One parent who has had problems with Larby disagrees.

"We absolutely need to be involved," Sheelah Golliglee said. "We're the ones that are concerned about the things that are going on in that school. We're the taxpayers."

The mediator, Bruce Myerson, is a Phoenix attorney. He will spend the day on Feb. 3 meeting with Larby, the faculty, and the site council.

"He's an attorney who's done mediation before in several arenas including schools, so he is trained in that regard," Weissenfels said. "There will be a follow-up to the Feb. 3 meeting, most likely on Feb. 5. The nature of that will depend on what he picks up on."

Larby, who is in his fifth year as principal at RCMS, declined to comment on the mediation.

"It's a personnel thing and we don't usually comment on personnel matters," Larby said. "There are (sensitive issues) and the more I go into detail just kind of muddies that."

Both Weissenfels and Larby emphasized their belief that a lot of positive steps have been taken since the Christmas vacation.

"(Larby) has developed some programs ... meant to identify personalities and so on so they match up with each other and understand each other a little bit better, so he's already done some things to try to create improvement and a better atmosphere and some working relationships," Weissenfels said.

"We're going to do more work with that at a faculty meeting (Friday), and we're also taking a look at ... a program that focuses on enjoying your workplace and supporting one another," Larby said.

Sparks agrees that progress has been made.

"I personally already have seen positive changes taking place from both sides," she said. "What everybody hopes for from the mediation is healing. What we're all hoping for is improvement of the climate here.

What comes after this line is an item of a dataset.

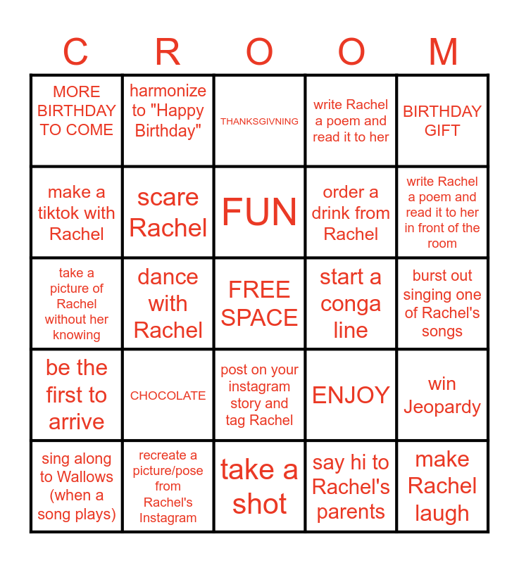This bingo card has a free space and 34 words: get Rachel to take a shot (MAX 2), take a picture, make a random, awkward toast, burst out singing a song from a musical, burst out singing one of Rachel's songs, make a tiktok with Rachel, scare Rachel, take a shot, order a drink from Rachel, make Rachel laugh, take a picture of Rachel without her knowing, harmonize to "Happy Birthday", say hi to Rachel's parents, write a Guest Check note, be the first to arrive, dance with Rachel, post on your instagram story and tag Rachel, start a conga line, win Jeopardy, sing along to Wallows (when a song plays), recreate a picture/pose from Rachel's Instagram, prank Rachel, write Rachel a poem and read it to her, write Rachel a poem and read it to her in front of the room, JELLY, CHOCOLATE, THANKSGIVNING, DANCING PARTY, BIRTHDAY GIFT, MORE BIRTHDAY TO COME, PINATA, FUN, ENJOY and FOOD.

"I can tell you as a guidance counselor that when there are relationship problems, there are problems both ways," she said. "Although I do not agree ... about it being 50-50, I do know when two people are involved there are always two frames of reference."

It is bringing those two frames closer together that Weissenfels hopes will be the outcome of the mediation process.

"In a case like this, you've got a lot of good people involved all the way around, so it's going to be an awkward situation," he said. "So this is probably the best attempt we can make now to try to get it to work."